Using the tidycensus package we are able to pull American Community Survey (ACS) data on the county level for the state of Virginia. All data pulled originated from the 2021 release of the 5 year ACS which represents data from 2017-2021. The state of Virginia was chosen because it is where the author currently resides there and was aware of the high levels of educational attainment and income levels particularly in the Northern Virginia area.
#loading all the libraries
library(sf)
library(ggplot2)
library(dplyr)
library(tidyr)
library(mapview)
library(mapedit)
library(mapboxapi)
library(leafsync)
library(spdep)
library(segregation)
library(ggiraph)
library(tidycensus)
library(tidyverse)
library(ggiraph)
library(plotly)
library(here)
library(skimr)
library(janitor)
library(scales)
Using the ACS variable “DP02_0066P” we will be examining 5 year ACS estimates of the percentage of graduate degree holders at the county level for the state of Virginia.
#We use the get_acs function to pull ACS data for a given variable at the county level for the state of VA
virginia_grad_degree <- get_acs(
geography = "county",
variables = "DP02_0066P",
state = "VA",
year = 2021,
geometry = TRUE,
progress_bar = FALSE
)
#Generating a table from the data showing the 5 counties with the lowest levels of graduate degrees
least_grad <- virginia_grad_degree %>%
arrange(estimate)
table_least_grad <- least_grad[1:5, 1:5]
knitr::kable(table_least_grad,
caption = "Counties with Lowest % of Graduate Degrees")
| GEOID | NAME | variable | estimate | moe | geometry |
|---|---|---|---|---|---|
| 51051 | Dickenson County, Virginia | DP02_0066P | 2.0 | 0.8 | MULTIPOLYGON (((-82.55384 3… |
| 51105 | Lee County, Virginia | DP02_0066P | 2.4 | 0.9 | MULTIPOLYGON (((-83.67461 3… |
| 51670 | Hopewell city, Virginia | DP02_0066P | 3.2 | 1.4 | MULTIPOLYGON (((-77.33764 3… |
| 51167 | Russell County, Virginia | DP02_0066P | 3.5 | 1.0 | MULTIPOLYGON (((-82.40224 3… |
| 51081 | Greensville County, Virginia | DP02_0066P | 3.9 | 1.4 | MULTIPOLYGON (((-77.76712 3… |
#Generating a table from the data showing the 5 counties with the highest levels of graduate degrees
most_grad <- virginia_grad_degree %>%
arrange(-estimate)
table_most_grad <- most_grad[1:5, 1:5]
knitr::kable(table_most_grad,
caption = "Counties with Highest % of Graduate Degrees")

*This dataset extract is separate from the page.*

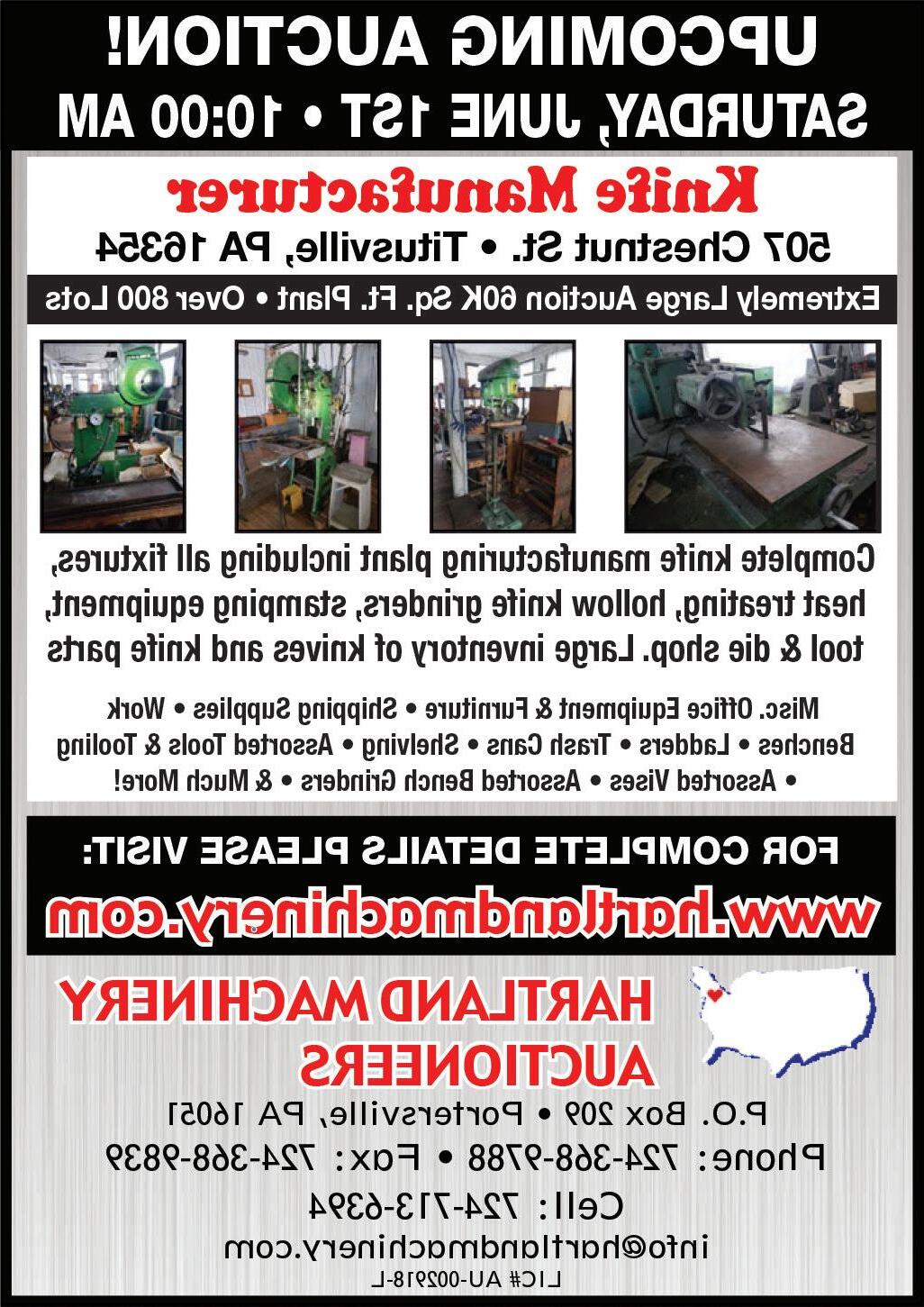 Complete Liguidation of metal fabrication shop. All pieces of equipment, the supplies, tables, compressors and office furniture. Two part auction. Saturday July 19th @ 10am is the main machine shop, live and online. All the offices and smalls are Saturday, night, July 19th, online only. Everything must go! Some Machines: Adlund Drill Press, Harris Grinder, Johnwood Compressor, Benchmark Press, RPP Machines, Clausing Drill Press, Cincinnati Mill, Bridgeport Mill, Warner Lathe, Clausing Lathe, DoAll Drill Press, Verdin Kappes Punch Press, Bliss 23 Punch Press, Wyson Belt Sander, Chicago Steat Press Brake, Verson Allsteel Press Brake, Fadal CNC, Hardinge CNC, Okuma CNC, Kalamazoo Band Saw, Toyota Forklift, Pryor Multidot 3000.

| GEOID | NAME | variable | estimate | moe | geometry |
|---|---|---|---|---|---|
| 51610 | Falls Church city, Virginia | DP02_0066P | 49.1 | 3.7 | MULTIPOLYGON (((-77.19471 3… |
| 51013 | Arlington County, Virginia | DP02_0066P | 41.0 | 1.0 | MULTIPOLYGON (((-77.17228 3… |
| 51510 | Alexandria city, Virginia | DP02_0066P | 34.1 | 1.2 | MULTIPOLYGON (((-77.1438 38… |
| 51059 | Fairfax County, Virginia | DP02_0066P | 32.0 | 0.4 | MULTIPOLYGON (((-77.31648 3… |
| 51600 | Fairfax city, Virginia | DP02_0066P | 31.0 | 2.5 | MULTIPOLYGON (((-77.3348 38… |
Given the data represents estimates, there is a degree of uncertainty involved. The below charts represent the margin of error when graphing graduate degree levels including all Virginia counties. As can be seen in the plots, even when accounting for possible error, Falls Church by far has the highest rate of graduate degree holders with an absurd estimated 49.1% of people. While partially explainable due to the county also being a small city, it is a well known area that attracts a lot of college graduates working in the DC metro area.
#creating an errorbar plot
va_plot_grad_errorbar <- ggplot(virginia_grad_degree,
aes(x = estimate,
y = reorder(NAME, estimate))) +
geom_errorbar(aes(xmin = estimate - moe, xmax = estimate + moe),
width = 0.5, linewidth = 0.5) +
geom_point(color = "darkturquoise", size = 2) +
#dark turquoise was chosen to more closely align with the RMD theme colors
scale_y_discrete(labels = function(x) str_remove(x, " County, Virginia|, Virginia")) +
labs(title = "% of Population with a Graduate Degree, 2017-2021 ACS",
subtitle = "Counties in Virginia",
caption = "Data acquired with R and tidycensus. Error bars represent margin of error around estimates.",
x = "ACS estimate",
y = "") +
theme_minimal(base_size = 12)
va_plot_grad_errorbar
Now here is the plotly errorbar chart, which allows for interactivity.
ggplotly(va_plot_grad_errorbar, tooltip = "x")
Here is an interactive map with both the previously analyzed graduate degree percentage as a spatially represented layer, as well as a median income layer represented at the county level. By turning them on and off, it is obvious that many of the counties with the highest rates of graduate degrees also have the highest household median incomes (and vice versa). Even if it doesn’t align perfectly.
#get the acs household median income data for counties in VA
VA_median_household_income <- get_acs(
geography = "county",
variables = "B19013A_001",
state = 'VA',
year = 2021,
geometry = TRUE,
progress_bar = FALSE
)
#map both pulls of data from the ACS as separate layers
mapview(list(VA_median_household_income['estimate'],virginia_grad_degree['estimate']),
map.types = 'CartoDB.Positron',
layer.name = c("Household Median Income 2021 5-Yr. ACS", "% of Pop. w/ a Graduate Degree 2021 5-Yr. ACS"),
burst = TRUE,
hide = TRUE)